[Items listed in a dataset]
————

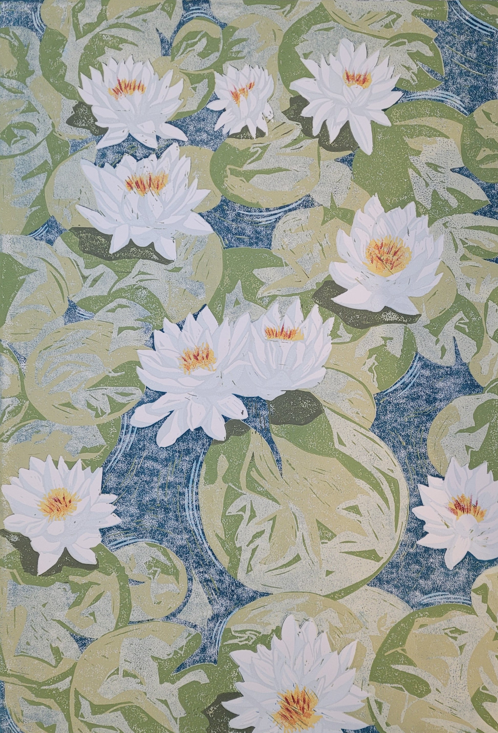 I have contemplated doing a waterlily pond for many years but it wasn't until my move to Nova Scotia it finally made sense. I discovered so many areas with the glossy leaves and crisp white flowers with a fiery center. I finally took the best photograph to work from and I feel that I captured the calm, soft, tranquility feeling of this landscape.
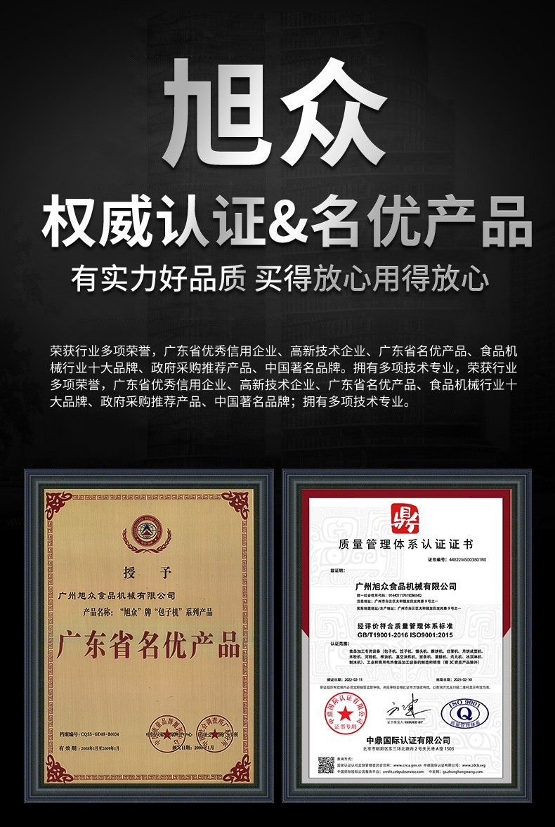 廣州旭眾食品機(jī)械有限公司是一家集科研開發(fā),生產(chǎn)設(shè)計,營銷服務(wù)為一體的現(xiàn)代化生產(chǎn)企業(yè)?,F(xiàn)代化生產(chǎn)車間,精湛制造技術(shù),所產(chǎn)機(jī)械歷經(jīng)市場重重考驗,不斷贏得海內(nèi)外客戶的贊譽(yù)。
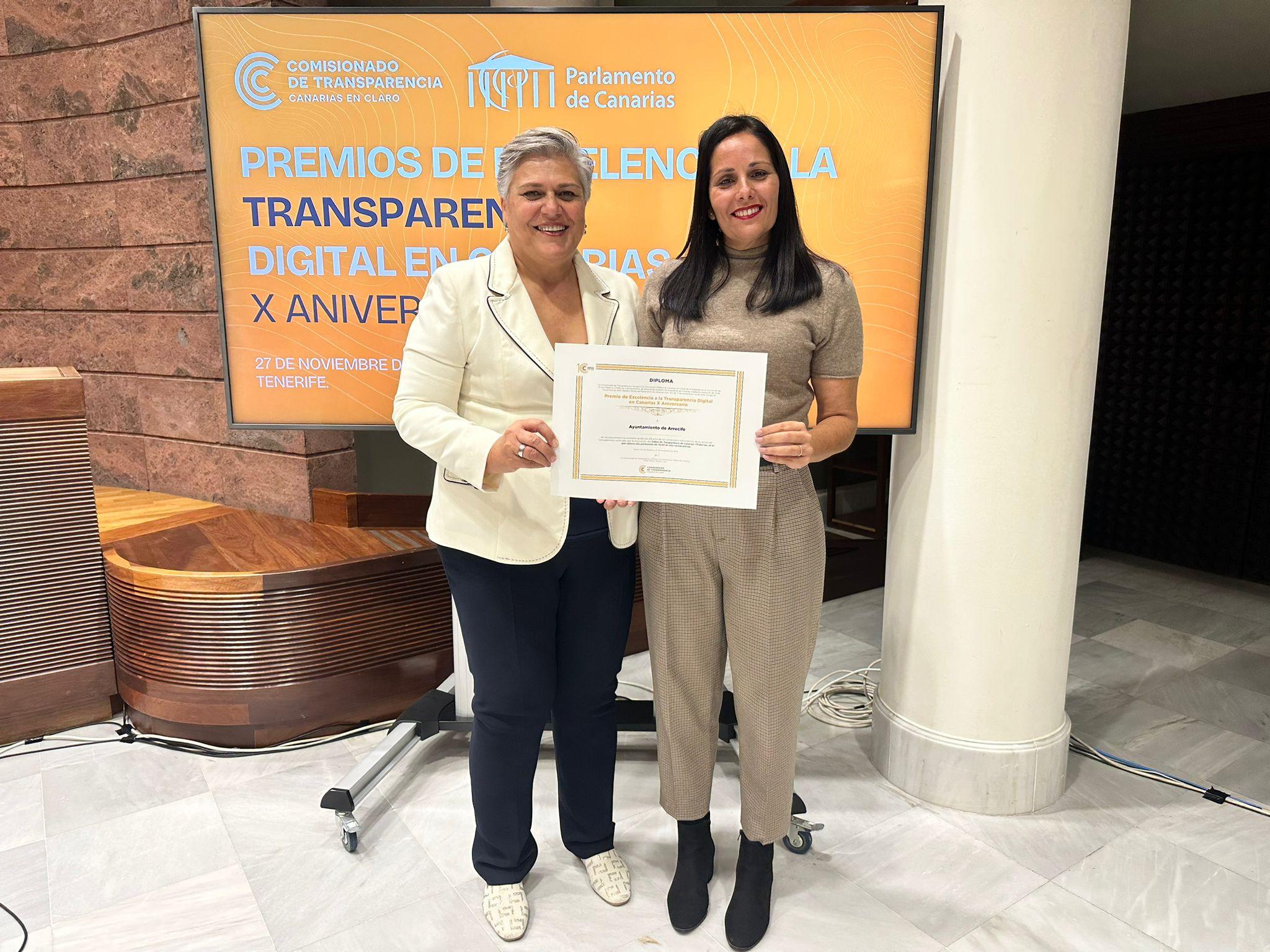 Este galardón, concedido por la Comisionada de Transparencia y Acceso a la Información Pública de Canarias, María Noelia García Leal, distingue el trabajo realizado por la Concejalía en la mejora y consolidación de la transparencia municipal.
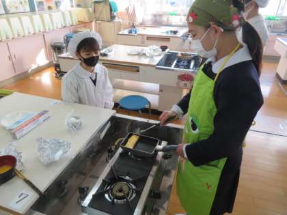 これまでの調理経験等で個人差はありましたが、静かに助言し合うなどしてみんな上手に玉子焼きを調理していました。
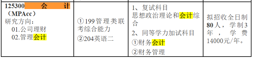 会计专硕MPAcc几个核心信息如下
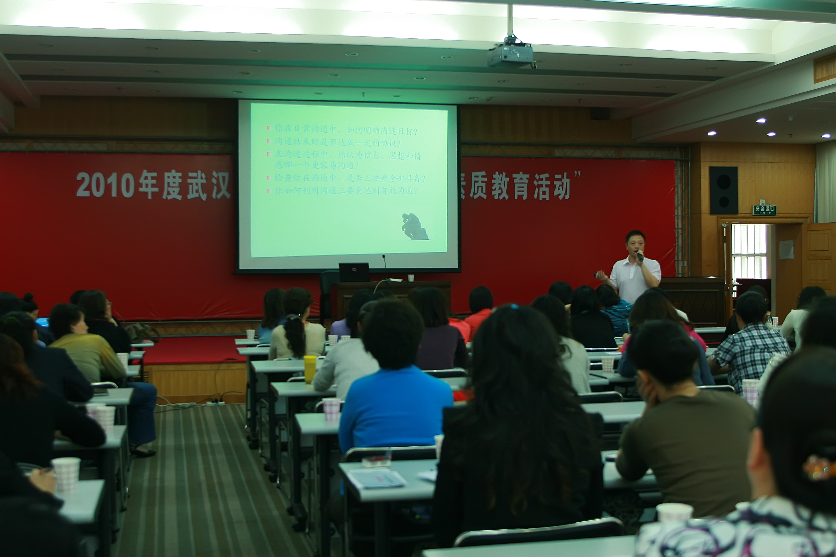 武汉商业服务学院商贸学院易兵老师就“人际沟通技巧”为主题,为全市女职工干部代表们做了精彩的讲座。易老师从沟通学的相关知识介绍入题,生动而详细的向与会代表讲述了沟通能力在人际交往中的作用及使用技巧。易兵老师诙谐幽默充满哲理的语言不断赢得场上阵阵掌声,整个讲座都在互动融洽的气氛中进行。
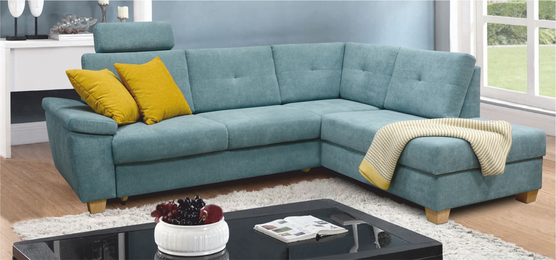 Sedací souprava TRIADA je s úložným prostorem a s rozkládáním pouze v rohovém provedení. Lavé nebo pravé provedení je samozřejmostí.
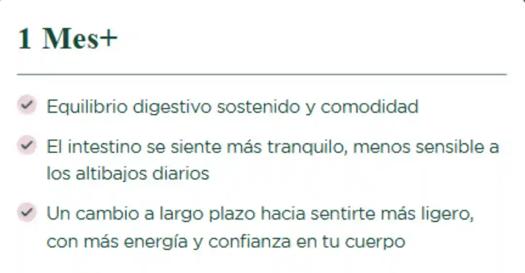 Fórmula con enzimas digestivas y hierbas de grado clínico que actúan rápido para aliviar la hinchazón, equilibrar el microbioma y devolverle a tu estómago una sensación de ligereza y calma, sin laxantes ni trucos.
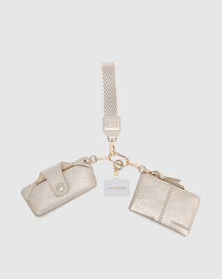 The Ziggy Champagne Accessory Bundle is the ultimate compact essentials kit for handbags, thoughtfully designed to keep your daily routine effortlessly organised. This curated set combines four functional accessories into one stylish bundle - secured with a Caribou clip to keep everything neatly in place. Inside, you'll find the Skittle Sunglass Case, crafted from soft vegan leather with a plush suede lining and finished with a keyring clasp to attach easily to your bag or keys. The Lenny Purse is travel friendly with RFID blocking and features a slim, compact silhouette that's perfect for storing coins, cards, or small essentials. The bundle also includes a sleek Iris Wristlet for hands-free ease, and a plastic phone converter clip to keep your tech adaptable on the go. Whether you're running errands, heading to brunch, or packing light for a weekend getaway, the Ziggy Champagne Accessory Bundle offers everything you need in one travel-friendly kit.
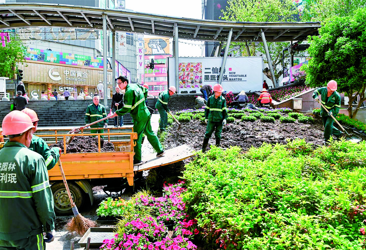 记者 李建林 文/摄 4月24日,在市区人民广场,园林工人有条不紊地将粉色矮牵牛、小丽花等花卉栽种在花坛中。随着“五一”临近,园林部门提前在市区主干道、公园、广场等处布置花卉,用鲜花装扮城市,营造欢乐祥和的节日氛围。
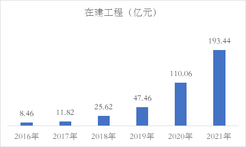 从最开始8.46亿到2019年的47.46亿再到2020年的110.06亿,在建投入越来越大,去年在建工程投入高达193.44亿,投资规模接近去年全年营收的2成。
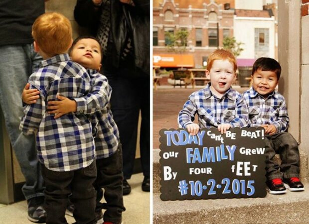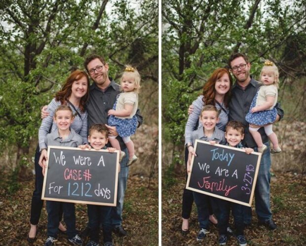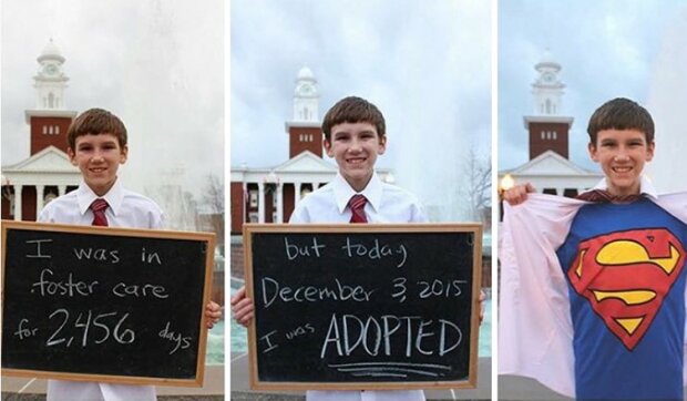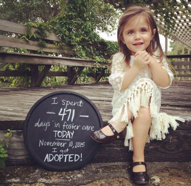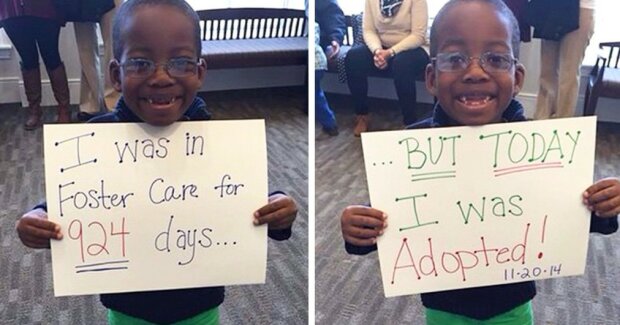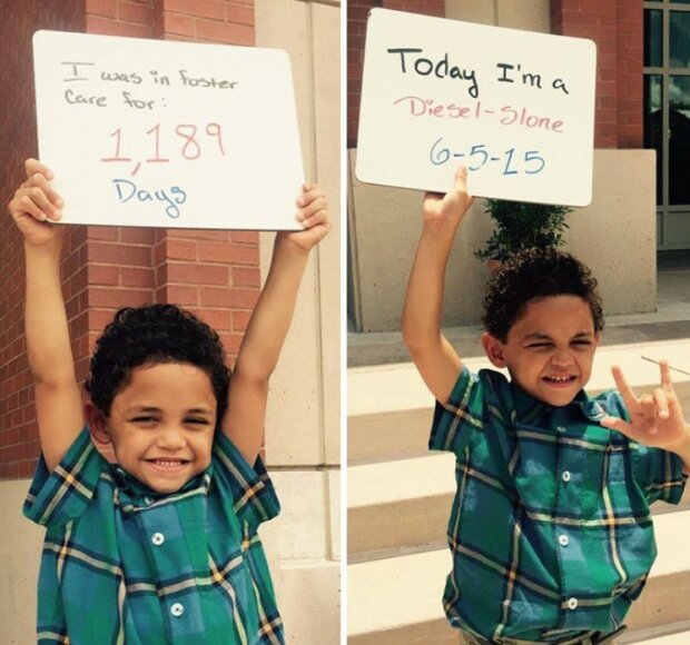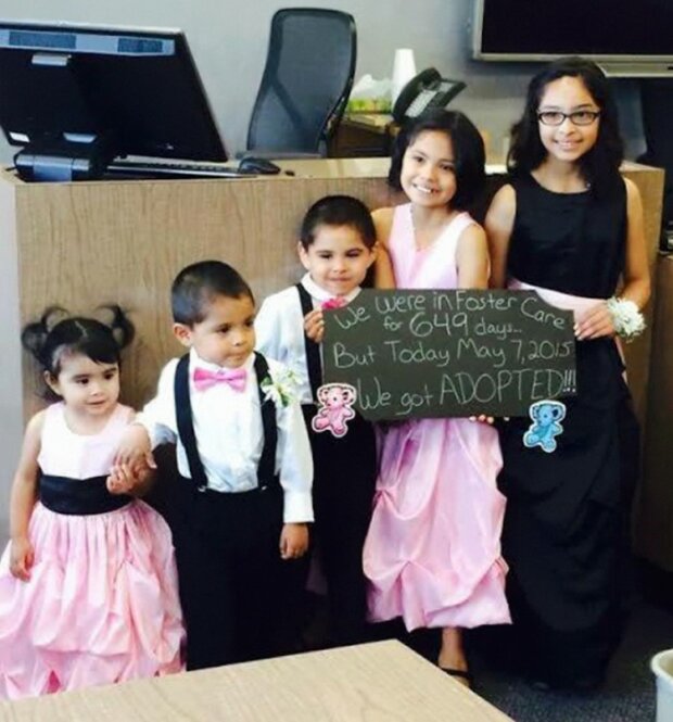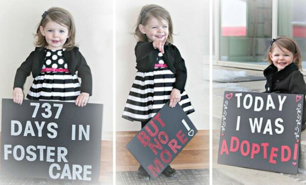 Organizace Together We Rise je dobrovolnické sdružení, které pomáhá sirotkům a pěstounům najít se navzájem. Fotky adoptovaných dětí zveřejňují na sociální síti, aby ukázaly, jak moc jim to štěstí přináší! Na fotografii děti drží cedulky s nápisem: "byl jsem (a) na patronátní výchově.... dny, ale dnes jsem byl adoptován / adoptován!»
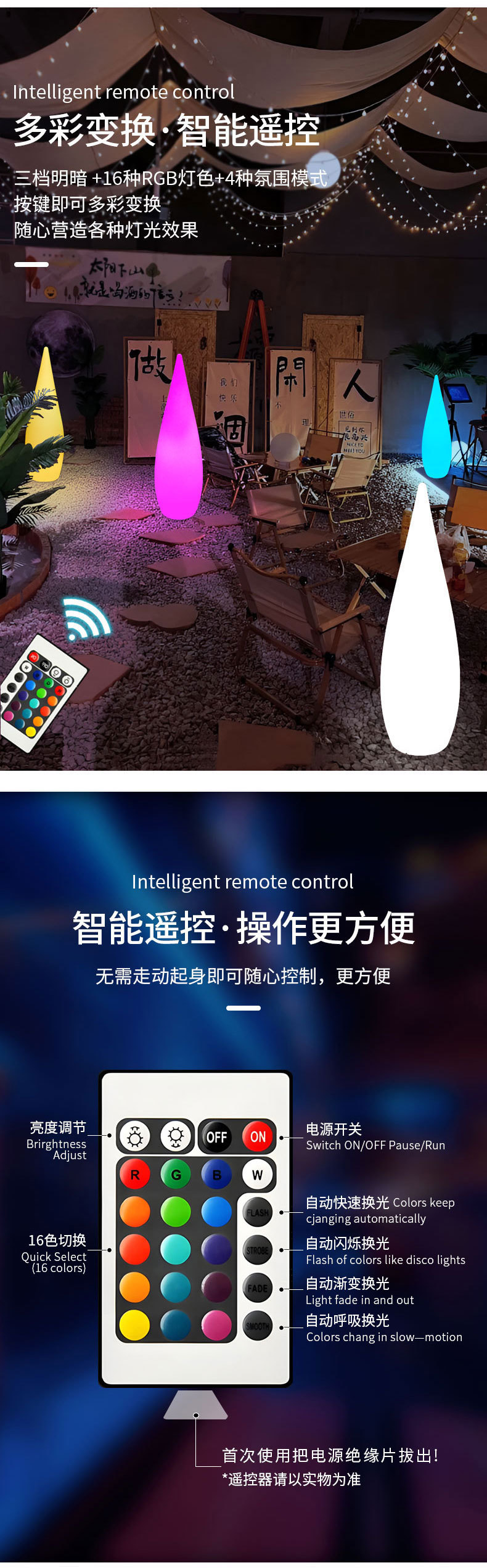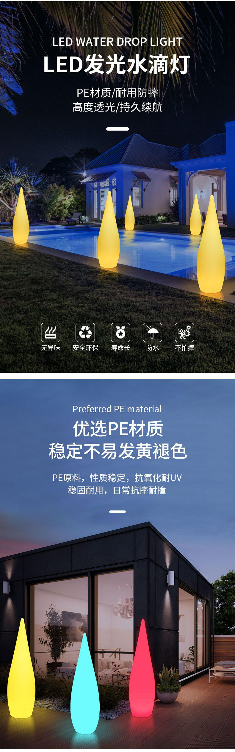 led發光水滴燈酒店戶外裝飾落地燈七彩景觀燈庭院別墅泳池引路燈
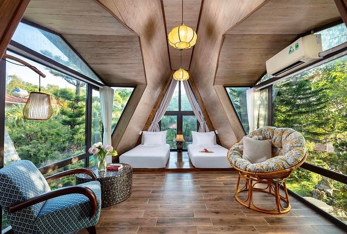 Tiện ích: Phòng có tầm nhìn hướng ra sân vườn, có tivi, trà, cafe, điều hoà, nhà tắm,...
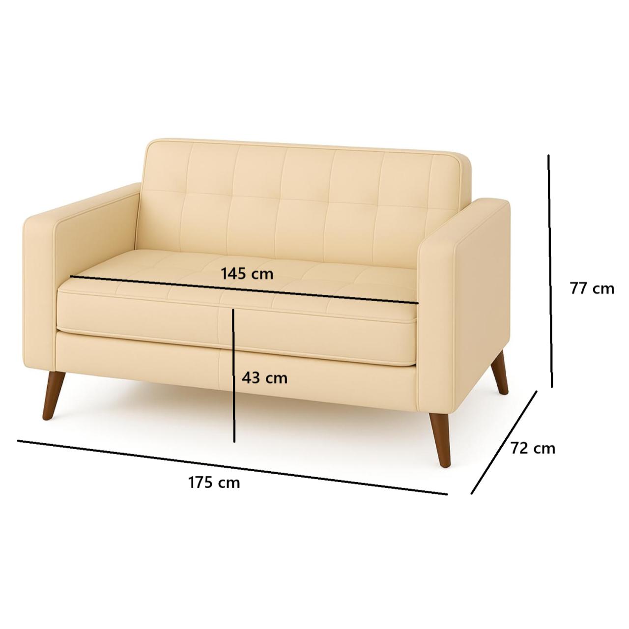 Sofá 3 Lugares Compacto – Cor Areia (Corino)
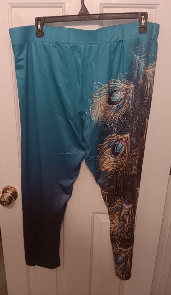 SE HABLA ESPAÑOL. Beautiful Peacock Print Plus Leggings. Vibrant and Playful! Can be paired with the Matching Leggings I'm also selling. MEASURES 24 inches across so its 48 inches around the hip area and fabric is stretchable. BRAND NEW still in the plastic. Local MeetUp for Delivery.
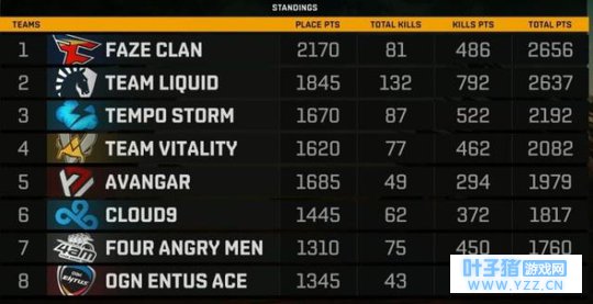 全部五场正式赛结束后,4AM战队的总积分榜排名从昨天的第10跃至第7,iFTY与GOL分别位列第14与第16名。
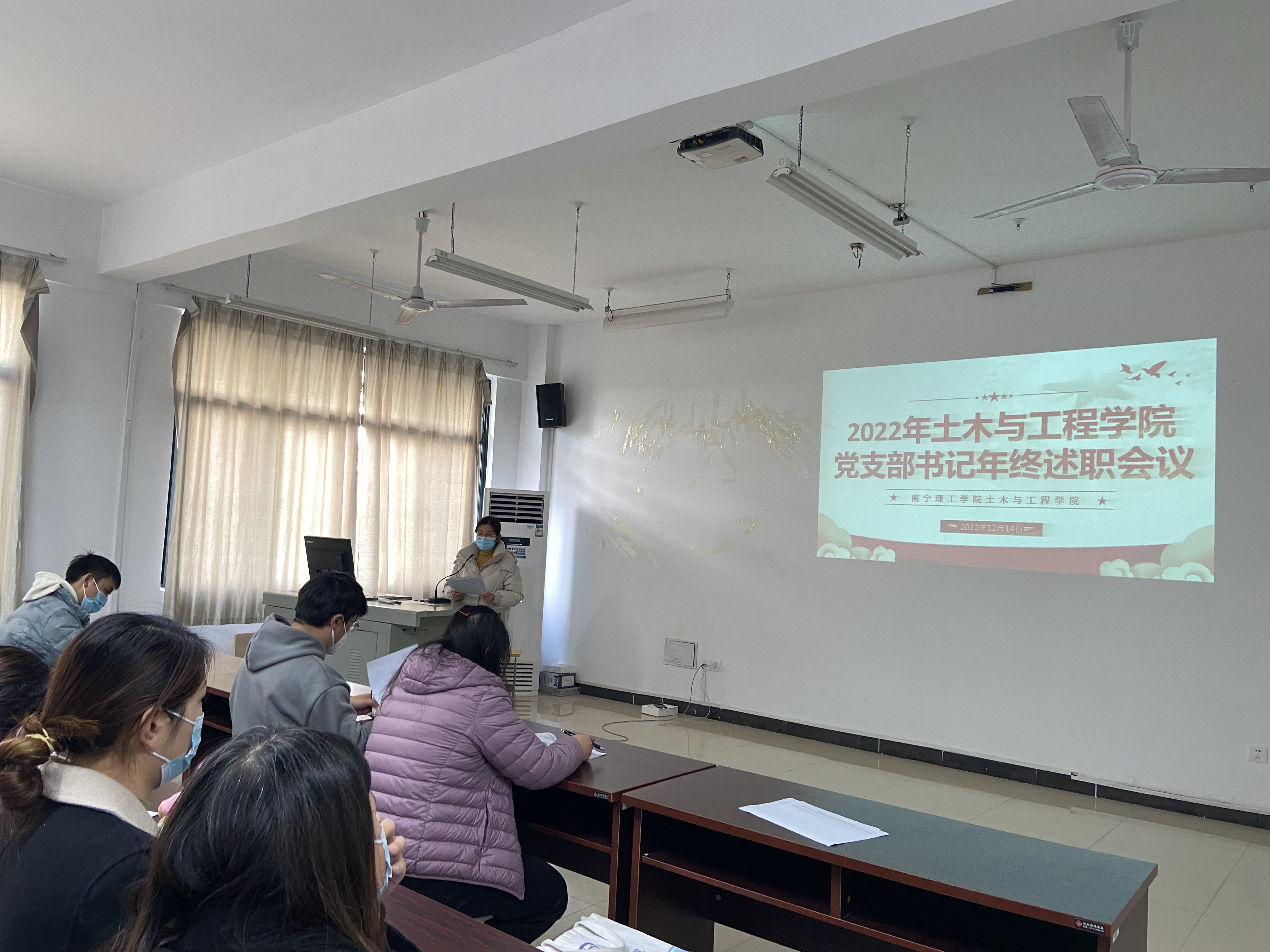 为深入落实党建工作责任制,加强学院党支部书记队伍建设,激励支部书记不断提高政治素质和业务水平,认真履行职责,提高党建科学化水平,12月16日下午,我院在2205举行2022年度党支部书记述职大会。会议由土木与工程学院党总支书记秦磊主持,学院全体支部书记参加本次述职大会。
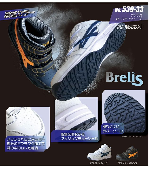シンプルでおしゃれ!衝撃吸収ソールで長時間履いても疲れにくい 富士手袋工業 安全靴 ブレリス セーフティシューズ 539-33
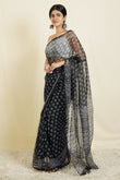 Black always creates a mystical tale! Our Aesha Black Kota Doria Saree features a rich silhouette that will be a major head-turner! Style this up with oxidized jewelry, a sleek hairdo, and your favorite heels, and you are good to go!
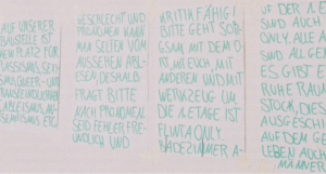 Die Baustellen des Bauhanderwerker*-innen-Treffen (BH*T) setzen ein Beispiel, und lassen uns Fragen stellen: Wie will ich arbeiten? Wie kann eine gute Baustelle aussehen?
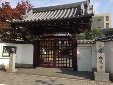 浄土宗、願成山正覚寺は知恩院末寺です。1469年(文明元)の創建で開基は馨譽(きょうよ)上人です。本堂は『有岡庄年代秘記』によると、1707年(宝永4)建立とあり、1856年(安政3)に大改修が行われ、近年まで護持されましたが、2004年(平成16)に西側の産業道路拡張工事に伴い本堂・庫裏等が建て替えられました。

————

## WHAT YOU SHOULD DO
Leave the pictures out, and transcribe exactly the lines above starting at the one that contains "会计专硕MPAcc几个核心信息如下" and ending at the one that contains "Sedací souprava TRIADA".

## SOLUTION TO THIS EXERCISE
 会计专硕MPAcc几个核心信息如下
 武汉商业服务学院商贸学院易兵老师就“人际沟通技巧”为主题,为全市女职工干部代表们做了精彩的讲座。易老师从沟通学的相关知识介绍入题,生动而详细的向与会代表讲述了沟通能力在人际交往中的作用及使用技巧。易兵老师诙谐幽默充满哲理的语言不断赢得场上阵阵掌声,整个讲座都在互动融洽的气氛中进行。
 Sedací souprava TRIADA je s úložným prostorem a s rozkládáním pouze v rohovém provedení. Lavé nebo pravé provedení je samozřejmostí.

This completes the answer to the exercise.